The effect of steep lateral bathymetries on the 3D-hydrodynamics in tidal estuaries

Abstract

In estuaries, the part of a river where the flow is predominantly driven by the tide, the water motion is important to understand. For instance, by understanding the flow, one can better predict how pollutants are transported, or when flooding is likely to occur. However, much is still unknown about certain aspects of the water motion, such as how the hydrodynamics are influenced by the steepness of the river bed.

In this thesis, the effect of steep lateral inclines on the river bed is systematically investigated. Because these steep inclines come with significant mathematical challenges, a new model for the water motion in estuaries is developed.

To study the effects of steepness, the model is applied to short estuaries with increasingly deep channels with increasingly steep inclines in the middle of the river, and shallower waters closer to the banks. The results indicate that during flood, i.e. the moment when flow into the estuary is strongest, water flows in through the deep channel and then from the channel towards the banks. During ebb, this pattern is reversed. For estuaries with steeper beds, currents are stronger, and the previously mentioned pattern is more pronounced.

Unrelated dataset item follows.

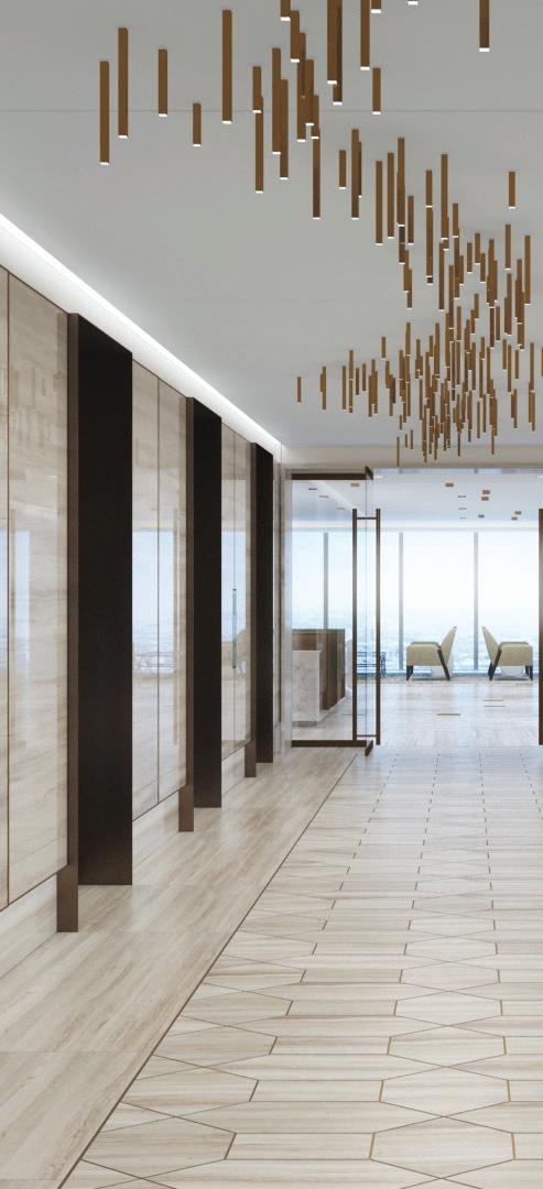 Designed to achieve LEED Gold certification, the South Tower of The Post incorporates architectural elements that promote natural light and biophilic design, contributing to health and wellness. Drawing inspiration from the intricate craftsmanship of materials like ceramic, stone, glass, and metal, areas of interest within the tower will be strategically placed to evoke curiosity, foster discovery, and provide moments of delight. The design encourages users to actively seek out these features, creating a dynamic and engaging experience that evolves from day to day.

Through a process known as momentum advection, so-called residual currents appear that are present regardless of the phase of the tidal cycle. Because these residual currents produce net transport by the movement of water, they are crucial in many transport processes involving sand, mud, salt, pollutants or other materials. The structure of the current is as follows: in the deeper channels, the residual current flows from the sea into the channel, and close to the banks,water flows out of the estuary. Steeper beds cause the residual flow to become stronger and (indirectly) because of the Coriolis effect, notably asymmetric.